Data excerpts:
+++++

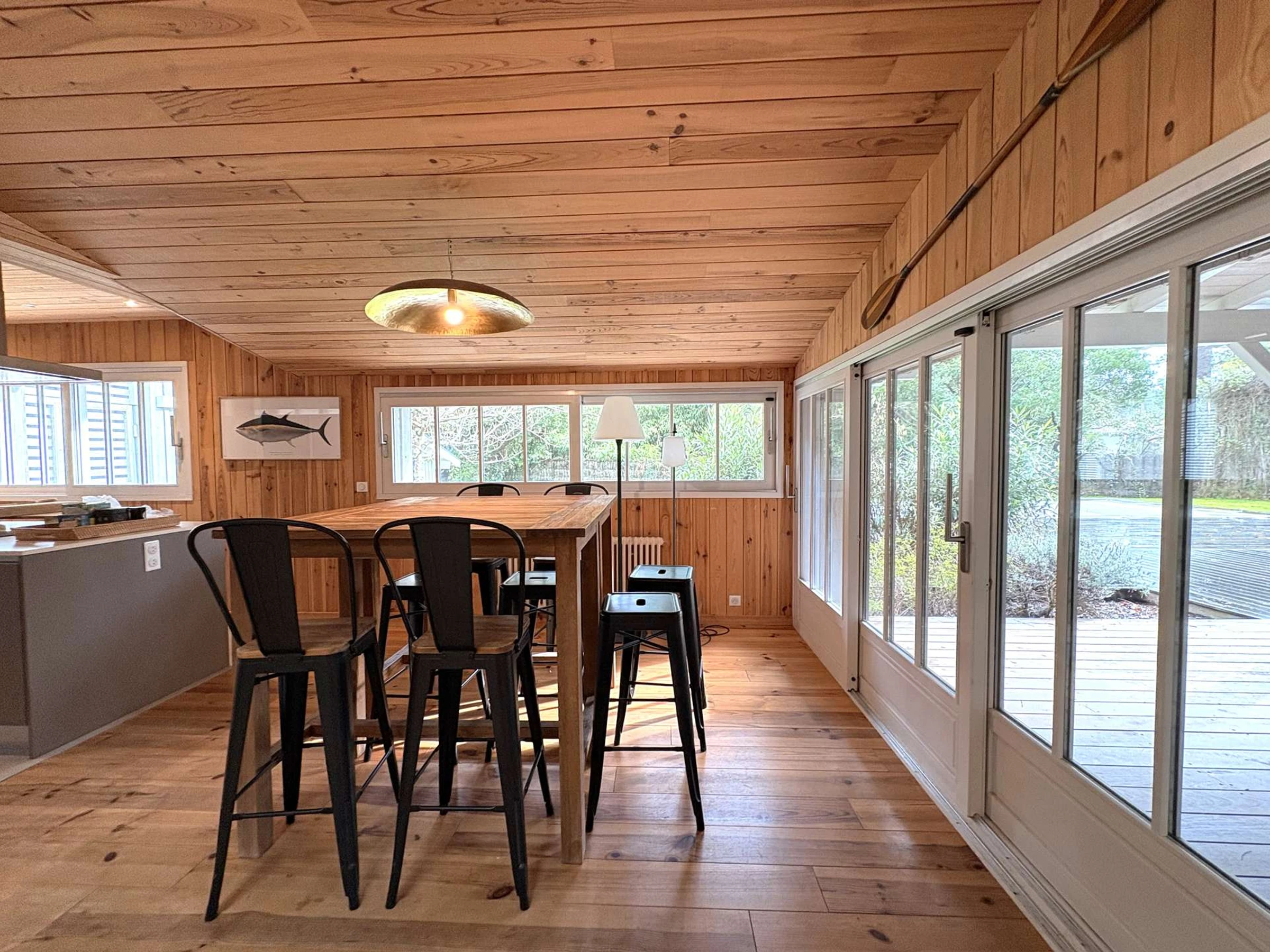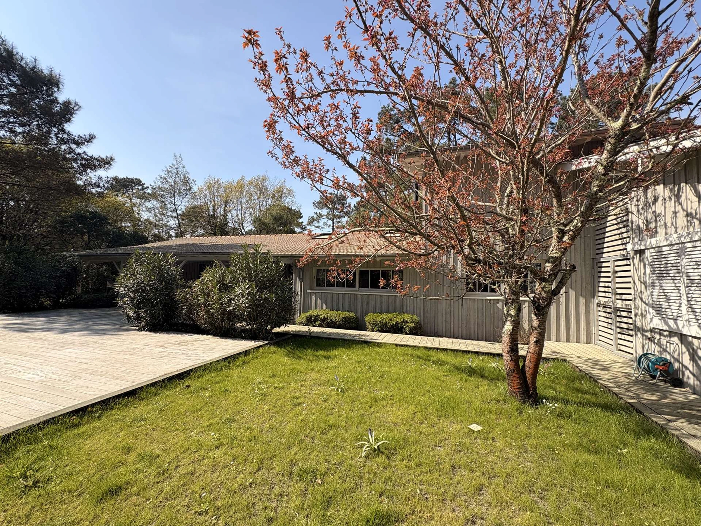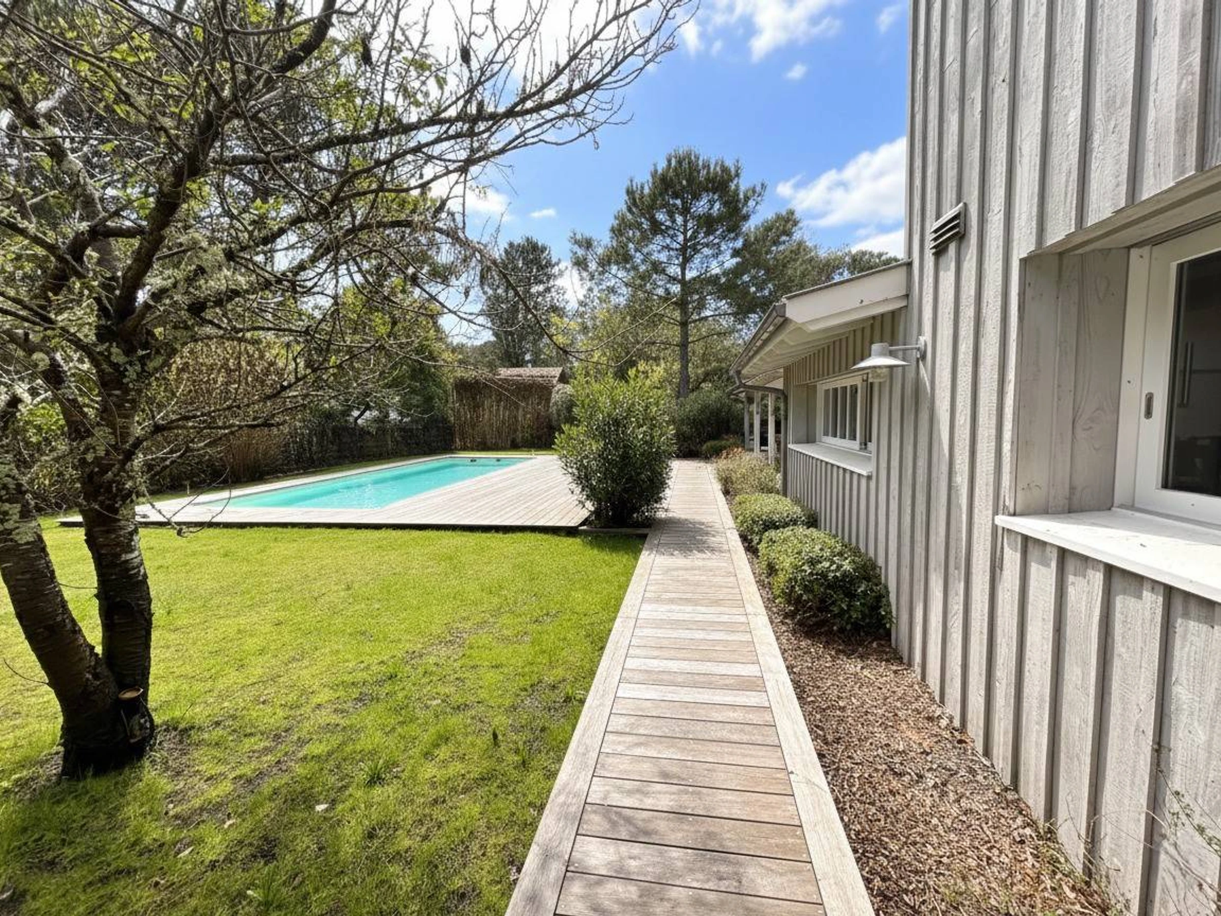 Emplacement idéal pour cette charmante villa en bois de 240 m² avec piscine chauffée 4x11m située à Petit-Piquey à seulement 3,5 km des plages océanes accessibles par les pistes cyclables sécurisées et à quelques minutes du Bassin d’Arcachon.
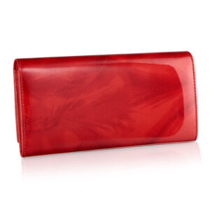 Motyw subtelnych, niezwykle delikatnych piórek, który widoczny jest na całej powierzchni to nie jedyna zaleta portfeli z tej kolekcji. Piękny połysk lakierowanej skóry podkreślają kolory takie jak intensywna czerwień, głęboka czerń oraz romantyczny beżowy.
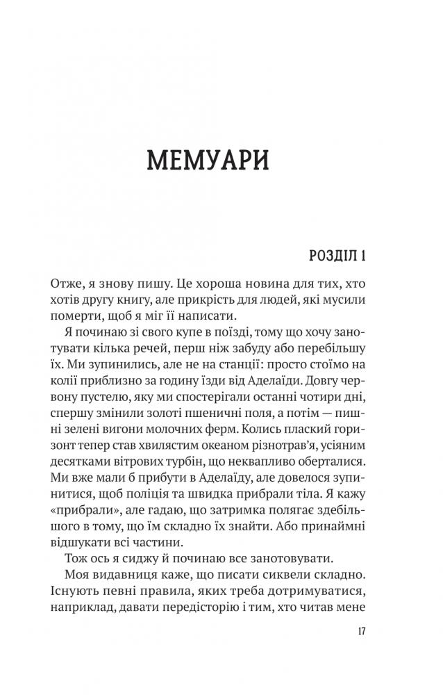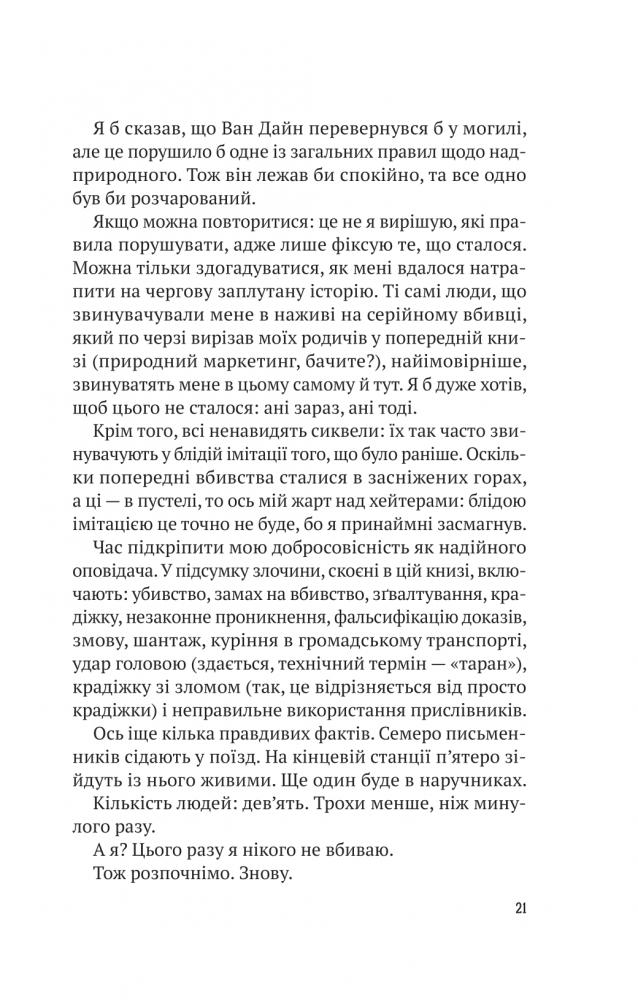 Саркастичний стиль Ернеста, його гумор і абсолютна відвертість із публікою робить цей детектив літературним скарбом, що здивує навіть досвідчених читачів. У романі «Усі в цьому поїзді — підозрювані» Бенджамін Стівенсон веде напрочуд майстерну метаоповідь, що лишається тільки захоплюватися всім його вигадливим трюкам із сюжетом і продовжувати химерну мандрівку потягом від Дарвіна до Аделаїди.
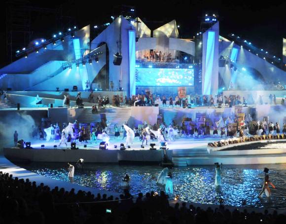 Esa gesta emancipadora con el pueblo como protagonista, se vivió reflejada en varios cuadros sobre los cerros aledaños con buen despliegue escenográfico. Los colores celeste y blanco predominaron durante toda la fiesta y lograron su máxima expresión casi al finalizar el espectáculo. Se destacó una puesta en escena prolija, coordinada y con buena musicalización -gran parte de ella con músicos en vivo- acompañada por el diseño de un decorado dinámico que combinó la tecnología propia de las cajas lumínicas con los avances de la electrónica.
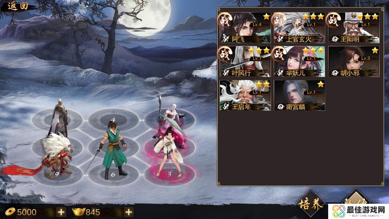 绝情窟:紫韵(奶)、王阳明(奶)、主角(31222)、胡老邪(输出)、空虚公子(输出),有孟更好能斩杀boss,扛不住主角12222纯奶,其他同上。
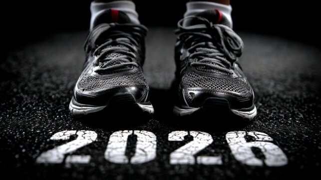 Runners prepare to take off from the starting line marked with 2026, symbolizing an exciting new year filled with athletic challenges and triumphs ahead
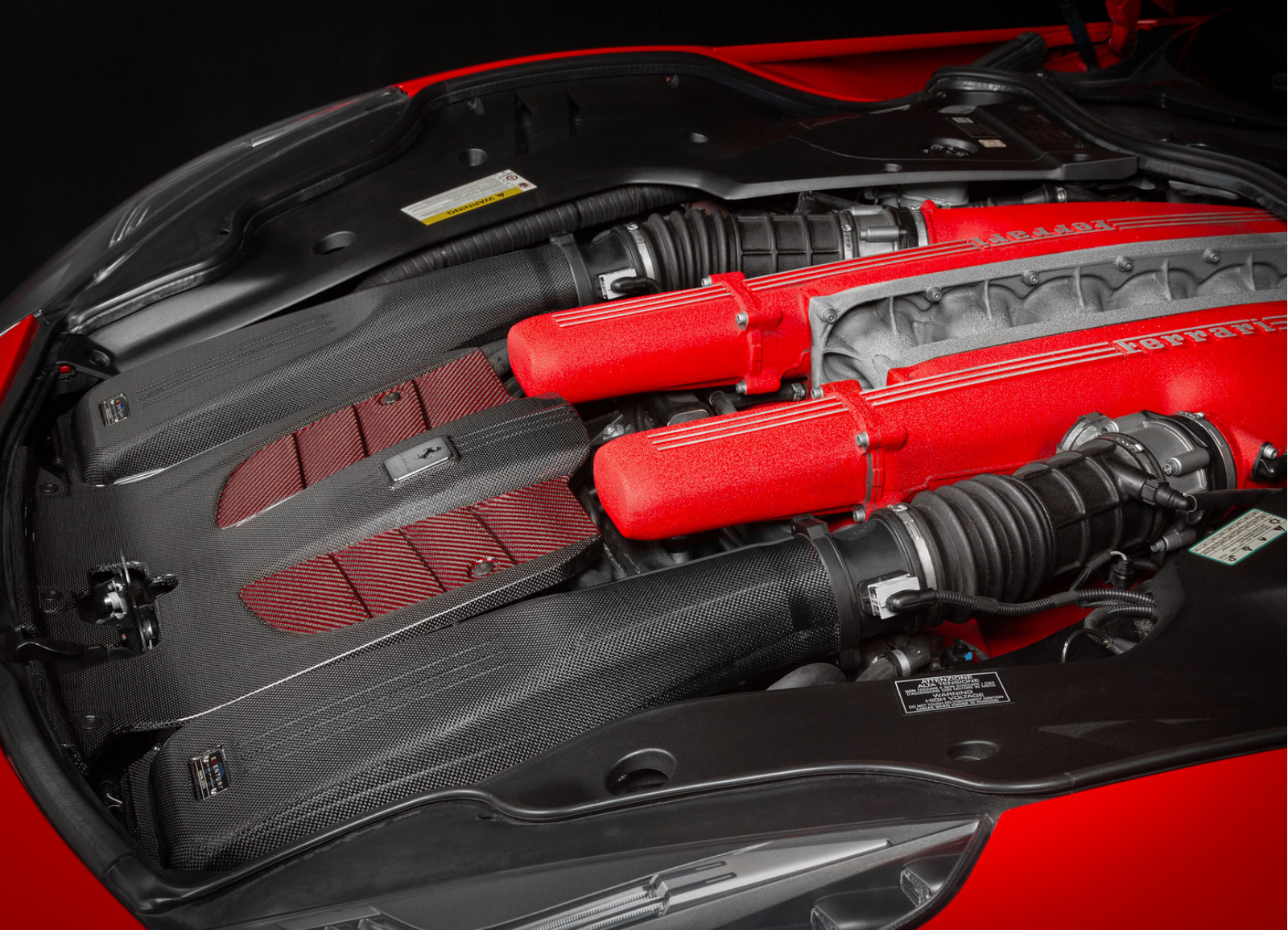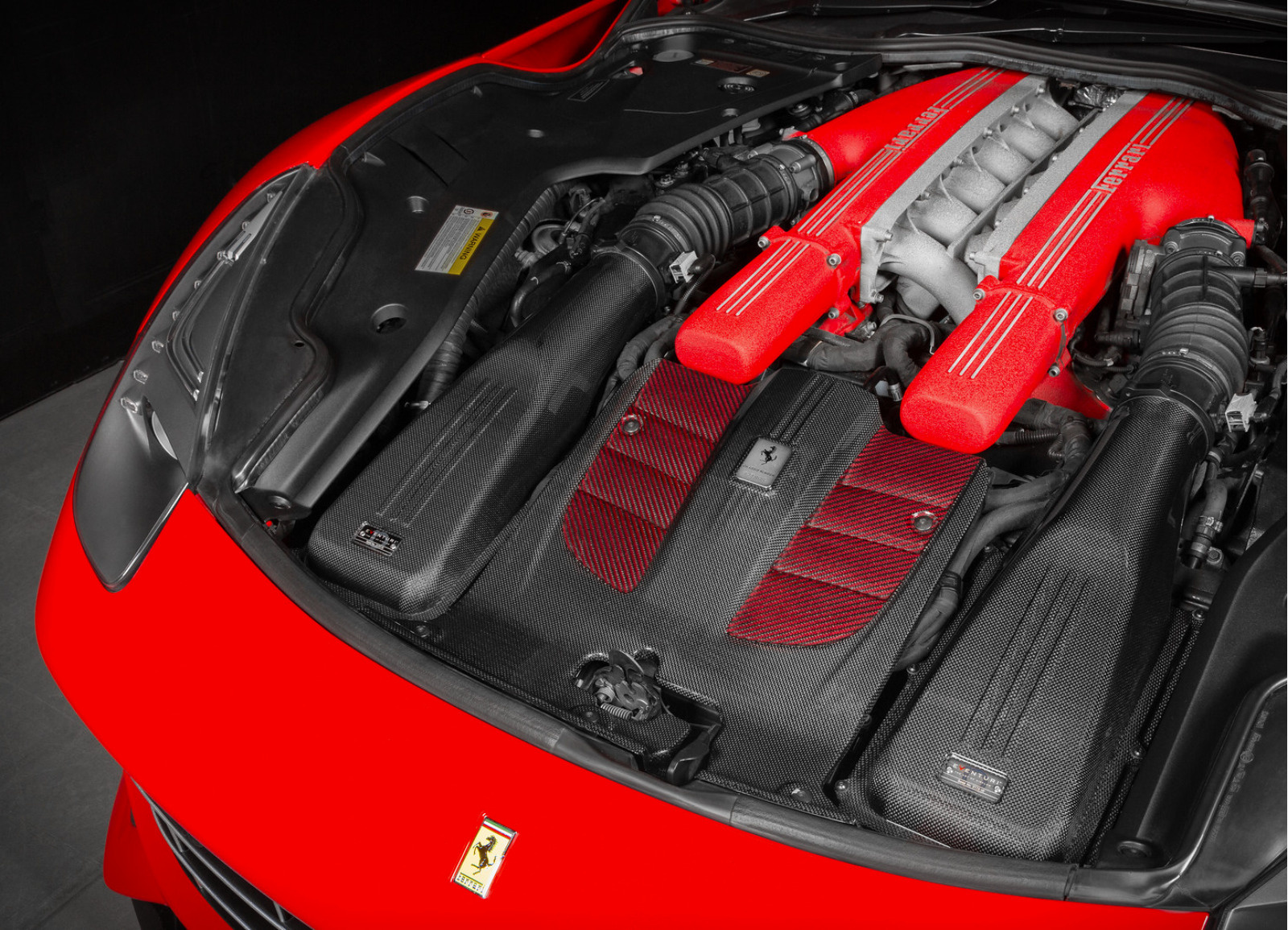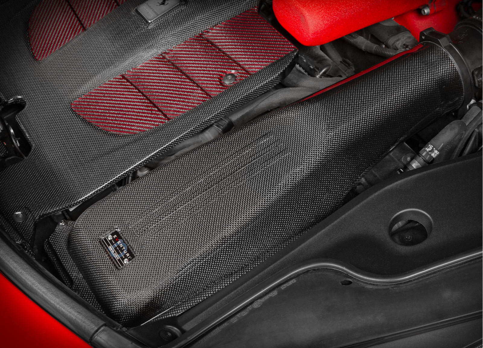 Nově přepracovaná víka airboxů byla navržena pro získání maximálního objemu pro nasávaný vzduch a pro optimalizaci proudění vzduchu od filtru ke škrticí klapce. Instalace je shodná jako u originálního víka díky integrované příruběm což zajišťuje dokonalé spasování a těsnost sání. Jako povrchová vrstva byla také zvolena karbonová tkanina 1x1, aby sání designově souhlasilo s originálními díly Ferrari.

+++++

From the records above, copy only the lines running from the line containing "Саркастичний стиль Ернеста, його" to the line containing "Esa gesta emancipadora", both ends included. Leave the pictures out.

▶ _Exercise solution_
 Саркастичний стиль Ернеста, його гумор і абсолютна відвертість із публікою робить цей детектив літературним скарбом, що здивує навіть досвідчених читачів. У романі «Усі в цьому поїзді — підозрювані» Бенджамін Стівенсон веде напрочуд майстерну метаоповідь, що лишається тільки захоплюватися всім його вигадливим трюкам із сюжетом і продовжувати химерну мандрівку потягом від Дарвіна до Аделаїди.
 Esa gesta emancipadora con el pueblo como protagonista, se vivió reflejada en varios cuadros sobre los cerros aledaños con buen despliegue escenográfico. Los colores celeste y blanco predominaron durante toda la fiesta y lograron su máxima expresión casi al finalizar el espectáculo. Se destacó una puesta en escena prolija, coordinada y con buena musicalización -gran parte de ella con músicos en vivo- acompañada por el diseño de un decorado dinámico que combinó la tecnología propia de las cajas lumínicas con los avances de la electrónica.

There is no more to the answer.